Fish and coral in tropical waters of north-west Western Australia
The North West Shelf: a model system for multiple use management strategies
A large scale study with the Western Australian Government has produced a world first report on management strategies for marine ecosystems to achieve ecologically sustainable development.
10 April 2008 | Updated 6 June 2013
The North West Shelf Joint Environmental Management Study (NWSJEMS) is a A$7.7 million marine environmental study of the North West Shelf, initiated by the Western Australian Government and jointly funded by the Wealth from Oceans National Research Flagship.
The region is characterised by habitats of high ecological value.
NWSJEMS delivers practical, objective tools to help planners envisage different development scenarios and management options, and comprehensively evaluate their potential impacts on marine ecosystems – a process called management strategy evaluation.
Balancing development and conservation
Western Australia’s North West Shelf (NWS) is one of the most economically significant coastal and sea regions in Australia.
It produces the majority of Australia’s domestic and exported oil and gas, and its ports carry most of the nation’s iron ore exports.
The infrastructure supporting these and other industries is concentrated along the coastal fringe or in offshore facilities.
The region is also characterised by habitats of high ecological value, such as:
- mangrove forest
- seagrass beds
- coral reefs
- sponge beds.
These habitats support a diverse fish community, as well as protected species such as dugongs, turtles and whale sharks.
Maintaining the region’s environmental assets during a period of rapid industrialisation poses major challenges.
The high rate of growth in this region has also led to complex, and somewhat fragmented, management and regulatory structures.
However, the Western Australian Government recognised that a collaborative and informed approach is essential in balancing and managing the many uses of the North West Shelf ecosystem.

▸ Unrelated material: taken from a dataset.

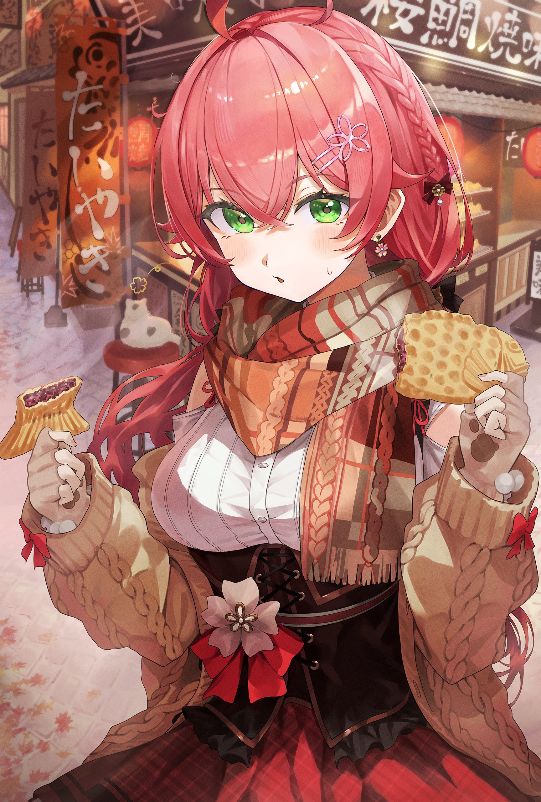 1girl :o absurdres ahoge atatatatame01 blush bodice braid breasts brown_gloves cardigan cat clothing_cutout earrings fingerless_gloves flower flower_earrings food gloves green_eyes hair_between_eyes hair_flower hair_ornament hairclip highres holding holding_food hololive jewelry large_breasts long_hair long_sleeves looking_at_viewer official_alternate_costume open_cardigan open_clothes outdoors plaid_clothes plaid_skirt pleated_skirt red_skirt sakura_miko sakura_miko_(casual) scarf shirt shoulder_cutout skirt solo sweatdrop taiyaki virtual_youtuber wagashi white_shirt yellow_cardigan

As a result, NWSJEMS was established to support ecologically sustainable development of the North West Shelf region.
Tackling the challenge
This was a collaborative research program that aimed to develop and demonstrate practical and science-based methods that support integrated regional planning and management of marine ecosystems to achieve ecologically sustainable development.
More than 25 organisations contributed to the project led by CSIRO’s Dr Scott Condie.
Rather than examining various marine issues in isolation, the study team took a holistic approach, acknowledging the interconnectedness of different marine use impacts.
To achieve this, they compiled existing data and developed powerful computer models to understand the system dynamics and identify and test new management approaches.
Achieving this ambitious objective required the development of a broad range of sophisticated new data management tools that would support the collation, retrieval, integration and display of key information.
It also required modelling tools that would support data extrapolation, scenario exploration and allow evaluation of management strategies in terms of policy or management objectives.
Sharing the outcomes
The study found that overall the NWS is a healthy ecosystem with well-managed developments.
The team identified some types of future development that might lead to environmental difficulties.
Crucially however, the research also showed how to avoid many of these problems without significantly hindering development.
The study also discovered critical knowledge gaps that can influence management outcomes, and where further research investment would be valuable.
The findings of NWSJEMS will help planners and policymakers develop effective strategies for managing the region’s diverse uses.
The study produced four major outcomes:
- consolidation of tens of millions of dollars’ worth of data regarding the ecosystems and human activities of the NWS, from this and prior studies
- ecological models that generate new insights into the dynamics of the NWS system
- a new modelling framework for evaluating management options across the multiple sectors operating on the NWS
- tools that allow both study participants and a broader user group to explore underlying data and model predictions.
Experience gained through the sequential development of alternative model representations has led to significant advances in ecosystem model structure and implementation, both within Australia and overseas.
The sophisticated techniques developed in NWSJEMS are being further improved and can be adapted for any marine ecosystem facing pressures from potentially competing uses.
The Wealth from Oceans Flagship is tailoring these approaches for application to the Ningaloo Marine Park and coastal New South Wales and plans to employ it in the Kimberley and other regions.
Many of the tools were developed as online resources.
Results of the study have been documented in a series of 18 technical reports, which are available on the study’s website.